The evolution of overlapping, frame-shifted genes is subject to extra constraints. A slower rate of evolution has been demonstrated in overlapping genes in a number of viruses [7, 2326]. There is an imposing constraint in evolution of overlapping genes due to the fact that a favorable or even neutral substitution in one reading frame could prove harmful for the other reading frame. Therefore, even a synonymous, favorable, or neutral nucleotide substitution in one reading frame might be discarded, as it could be deleterious in the other reading frame. As a result, positive selection of overlapping genes in general is severely restricted [7, 2326]. However, here we demonstrated that the overlapping region of the N gene is rather evolutionary conserved when compared to the orf9b gene. Orf9b features a higher evolutionary rate that is attained mainly via N3/9b2 substitutions. This mechanism of independent evolution is similar to the mechanism of “independent adaptive selection” recently described for the gene encoding the Hepatitis B Virus (HBV) surface protein which completely overlaps with the polymerase gene [27].

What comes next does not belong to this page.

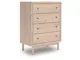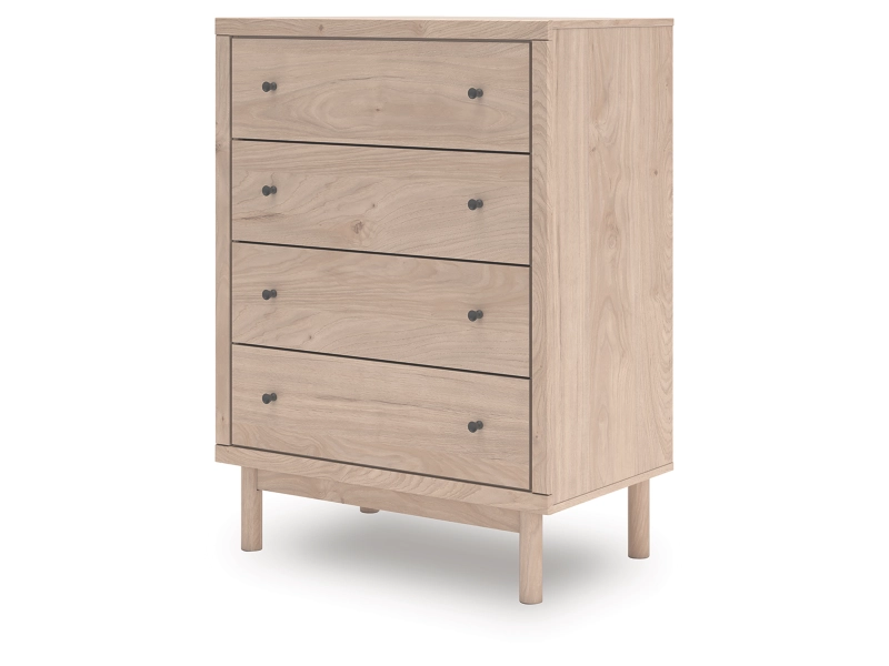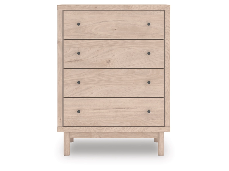 Looking for a chest of drawers that's both playful and practical for your little one? This piece is just the ticket. Its charming design and light wood finish create a whimsical and inviting atmosphere. Four smooth-gliding drawers provide plenty of storage, so there's no excuse for a messy room.

A structural comparison of the overlapping NTD of the nucleocapsid protein with the orf9b protein indicates the latter to be more flexible (Fig. 3). However, 50 % of the overlapping orf9b protein corresponds to the structurally undetermined segment 1–46 of the NTD of the nucleocapsid protein. This region is predicted to be intrinsically disordered (see Fig. 3b) [73]. Consequently, the overprinting orf9b protein is more ordered in its N-terminal half than the overprinted N-terminal segment 1–46 of the nucleocapsid NTD. More studies on overlapping viral proteins with known three-dimensional structures would be necessary to refine our understanding of the evolutionary and structural constraints caused by this phenomenon.

Currently, the function of the orf9b protein is unknown, although its crystal structure [59] suggests that it may bind lipids. Since the protein evolved with a high rate and independently of the overprinted nucleocapsid protein, it may have the potential to acquire new functions in a relatively short time. The analysis presented here may form a basis to follow the future evolution of orf9b and a starting point for investigating the so-called “internal genes” overlapping with the nucleocapsid gene in other coronaviruses, including MERS-CoV. Beyond its importance for understanding coronavirus evolution, our study may have implications for the analysis of overlapping reading frames in other viruses as well.